Download or read book DNA Replication and Cell Size Control in Escherichia Coli written by Dongyang Li and published by . This book was released on 2018 with total page 178 pages. Available in PDF, EPUB and Kindle. Book excerpt: The defining feature of living organisms is their capacity to reproduce and pass on the genetic information so that their progeny can flourish. For bacteria, reproduction is a feat by itself--Escherichia coli cells cultured in optimal conditions grow rapidly and divide about every 20 minutes. In other words, the cell has to replicate all cellular contents, and be ready to divide evenly into two daughter cells within this 20 minutes. Biosynthesis of new cellular materials, e.g. proteins, nucleic acis, lipids and other metabolites accumulate and roughly doubles after every generation. Notably, the deoxyribonucleic acid (DNA) encodes genetic informationand needs to be duplicated in order to faithfully pass on this information to the progeny. This process of DNA replication in the cell needs to dynamically adapt to fluctuation in growth condition and cellular physiology. Such coordination is controlled at the first step of replcation--the initiation of replication. In this thesis, I presented the development of methods for measuring DNA replication duration (replication period), the quantitative relationship between DNA replication and cell size as well as the mechanism of replication initiation. DNA replication measurement laid the foundation of studying the quantitative relationship between cell size and DNA replication. A general growth law was proposed to describe cell size regulation in light of three physiological variables including biosynthesis rate, cell cycle progression and replicaiton initiation. Of the three variables, the mass when cell initiates replication (initiation mass) remains invariant despite a wide spectrum of antibiotics or growth limitation challenge. This invariant initiation mass called into question about the mechanism of initiation to achieve such constancy. We proposed a simple threshold model to explain how cells can maintain a invariant initiation mass by regulating the expression of initiation regulators (initiators). The initiation mass is inversely proportional to the initiator levels, which is held constant. Experimental evidence was provided to test our model prediction.
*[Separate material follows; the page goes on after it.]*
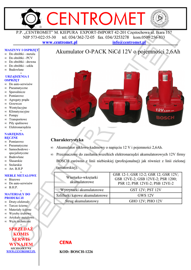CENTROMET P.P. „CENTROMET” M. KIEPURA EXPORT-IMPORT 42-201 Częstochowa ul. Ikara 157 NIP 573-022-55-30 tel. 034/362-72-05 fax. 034/3253278 kom.0509/256-833 www.centromet.pl [email protected] MASZYNY I OSPRZĘT • Do obróbki - metalu • Do obróbki - PCV • Do obróbki - drewna • Do obróbki - szkła • Budowlane Akumulator O-PACK NiCd 12V o pojemności 2,6Ah ∗ URZĄDZENIA I OSPRZĘT • Do auto-serwisów • Pneumatyczne • Spawalnicze • Pomiarowe • Agregaty prądu • Grzewcze • Wentylacyjne • Klimatyzacyjne • Pompy • Transportowe • Piły spalinowe • Elektronarzędzia ∗ NARZĘDZIA RĘCZNE • Pomiarowe • Pneumatyczne • Samochodowe specjalistyczne • Budowlane • Ślusarskie • Stolarskie • Art. B.H.P Charakterystyka • Akumulator niklowo-kadmowy o napięciu 12 V i pojemności 2,6Ah. • Przeznaczony do zasilania wszelkich elektronarzędzi akumulatorowych 12V firmy BOSCH zarówno z linii niebieskiej (profesjonalnej) jak również z linii zielonej (amatorskiej). ∗ MEBLE METALOWE • Biurowe • Do auto-serwisów • B.H.P. ∗ MATERIAŁY DO PRODUKCJI • Druty-elektrody • Tarcze ścierne • Materiały ścierne • Wyroby śrubowe • Artykuły metalowe • Węże techniczne Wiertarko-wkrętarki akumulatorowe GSR 12-1; GSR 12-2; GSR 12; GSR 12V; GSR 12VE-2; GSB 12VE-2; PSR 1200; PSR 12; PSR 12VE-2; PSB 12VE-2 Wyrzynarki akumulatorowe Szlifierki kątowe akumulatorowe Strug akumulatorowy GST 12V; PST 12V GWS 12V GHO 12V; PHO 12V ∗ SPRZEDAŻ KOMIS SERWIS WYNAJEM SZCZEGÓŁY NA WWW.CENTROMET.PL CENA KOD: BOSCH-1226 CENTROMET P.P. „CENTROMET” M. KIEPURA EXPORT-IMPORT 42-201 Częstochowa ul. Ikara 157 NIP 573-022-55-30 tel. 034/362-72-05 fax. 034/3253278 kom.0509/256-833 www.centromet.pl [email protected] Akumulator wyposażony jest w: • Styk dodatni i styk ujemny – o kształcie noży podwójnie zwiększają powierzchnię stykową, umożliwiając przewodzenie prądu o natężeniu do 100A przy minimalnej oporności, wykonane z niklowej blachy stalowej zapewniają wysoką jakość połączenia i odporność na zużycie. • Styk kodujący – służy do przekazywania danych pomiędzy akumulatorem, a ładowarką w celu identyfikacji typu akumulatora i optymalnego sterowania liczbą przewidzianych dla danego akumulatora cykli ładowania i rozładowania. • Styk NTC (styk termistora) – przekazuje do ładowarki dane, dzięki którym możliwe jest kontrolowanie temperatury akumulatora podczas procesu ładowania, aby w momencie osiągnięcia wartości granicznej (ok. 45°C) przerwać dopływ prądu ładowania i przełączyć na tryb pracy podtrzymującej. • Wtyk APT (Akku-Pack-Top) – gwarantuje poprawny dobór akumulatora do elektronarzędzia i ładowarki, zintegrowane kodowanie mechaniczne zapobiega przed nieprawidłowym osadzeniem akumulatora w narzędziu i tym samym nieprawidłowej polaryzacji. • System O-PACK – opatentowany przez firmę BOSCH system mocowania akumulatora gwarantuje pewniejsze osadzenie akumulatora w narzędziu i ułatwia jego obsługę. Zatrzaski schowane są w obudowie, dzięki czemu nie zostaną uszkodzone nawet przy upadku akumulatora z wysokości.

Book Two component Signal Transduction

Download or read book Two component Signal Transduction written by James A. Hoch and published by Amer Society for Microbiology. This book was released on 1995 with total page 488 pages. Available in PDF, EPUB and Kindle. Book excerpt: The human enteroviruses, particularly the polio viruses, have had a significant role in the history of medicine and microbiology; and continue to cause clinical problems, as well as provide targets for molecular investigation. This book offers a link between the basic science and clinical medicine.